(Directions): Exact reproduction required: the lines below from the line with "Bright Pink Spiral" to the line with "Unikátna zakrslá katalpa", both ends included, and no others.

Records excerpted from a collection
##############################
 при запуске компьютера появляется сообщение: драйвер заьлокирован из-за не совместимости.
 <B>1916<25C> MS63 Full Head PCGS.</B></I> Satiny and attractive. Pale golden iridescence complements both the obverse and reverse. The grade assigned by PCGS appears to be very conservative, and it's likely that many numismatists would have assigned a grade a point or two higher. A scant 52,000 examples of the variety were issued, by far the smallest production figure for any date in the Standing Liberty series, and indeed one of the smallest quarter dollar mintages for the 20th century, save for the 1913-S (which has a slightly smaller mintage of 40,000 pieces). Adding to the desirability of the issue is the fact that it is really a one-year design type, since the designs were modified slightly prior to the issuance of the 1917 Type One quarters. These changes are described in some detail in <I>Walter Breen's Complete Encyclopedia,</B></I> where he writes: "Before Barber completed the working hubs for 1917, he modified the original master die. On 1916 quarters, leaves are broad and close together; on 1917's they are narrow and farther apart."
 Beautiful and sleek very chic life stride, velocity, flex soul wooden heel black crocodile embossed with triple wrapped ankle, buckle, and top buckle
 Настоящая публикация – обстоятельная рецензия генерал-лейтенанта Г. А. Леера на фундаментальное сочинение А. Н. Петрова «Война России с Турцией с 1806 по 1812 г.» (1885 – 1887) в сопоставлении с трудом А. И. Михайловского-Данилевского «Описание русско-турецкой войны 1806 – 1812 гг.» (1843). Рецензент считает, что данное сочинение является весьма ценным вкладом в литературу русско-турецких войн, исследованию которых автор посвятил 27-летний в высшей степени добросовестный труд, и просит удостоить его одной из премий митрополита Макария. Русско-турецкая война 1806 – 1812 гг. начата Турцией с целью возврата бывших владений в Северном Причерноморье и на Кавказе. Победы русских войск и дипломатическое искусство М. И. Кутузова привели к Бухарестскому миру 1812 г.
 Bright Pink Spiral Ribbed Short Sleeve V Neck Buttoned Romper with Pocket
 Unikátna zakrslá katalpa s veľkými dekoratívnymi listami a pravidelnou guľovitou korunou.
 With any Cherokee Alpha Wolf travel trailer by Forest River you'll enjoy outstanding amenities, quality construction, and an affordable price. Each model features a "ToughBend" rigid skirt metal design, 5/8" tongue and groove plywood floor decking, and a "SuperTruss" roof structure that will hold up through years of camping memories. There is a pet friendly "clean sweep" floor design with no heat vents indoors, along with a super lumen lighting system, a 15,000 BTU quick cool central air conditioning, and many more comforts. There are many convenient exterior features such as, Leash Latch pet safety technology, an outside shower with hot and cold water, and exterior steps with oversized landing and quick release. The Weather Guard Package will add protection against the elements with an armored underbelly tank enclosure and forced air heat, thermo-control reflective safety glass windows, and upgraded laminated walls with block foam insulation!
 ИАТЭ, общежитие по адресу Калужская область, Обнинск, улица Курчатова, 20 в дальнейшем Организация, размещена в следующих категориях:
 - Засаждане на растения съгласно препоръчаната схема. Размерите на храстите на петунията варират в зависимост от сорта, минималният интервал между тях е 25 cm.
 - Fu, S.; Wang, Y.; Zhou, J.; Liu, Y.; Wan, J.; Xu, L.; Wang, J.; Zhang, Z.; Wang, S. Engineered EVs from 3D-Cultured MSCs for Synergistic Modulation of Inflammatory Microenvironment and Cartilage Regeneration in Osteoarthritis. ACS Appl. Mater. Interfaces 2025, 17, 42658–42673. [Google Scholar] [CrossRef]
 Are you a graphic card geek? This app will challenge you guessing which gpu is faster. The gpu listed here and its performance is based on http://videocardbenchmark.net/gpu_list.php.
##############################
(Task answer):
 Bright Pink Spiral Ribbed Short Sleeve V Neck Buttoned Romper with Pocket
 Unikátna zakrslá katalpa s veľkými dekoratívnymi listami a pravidelnou guľovitou korunou.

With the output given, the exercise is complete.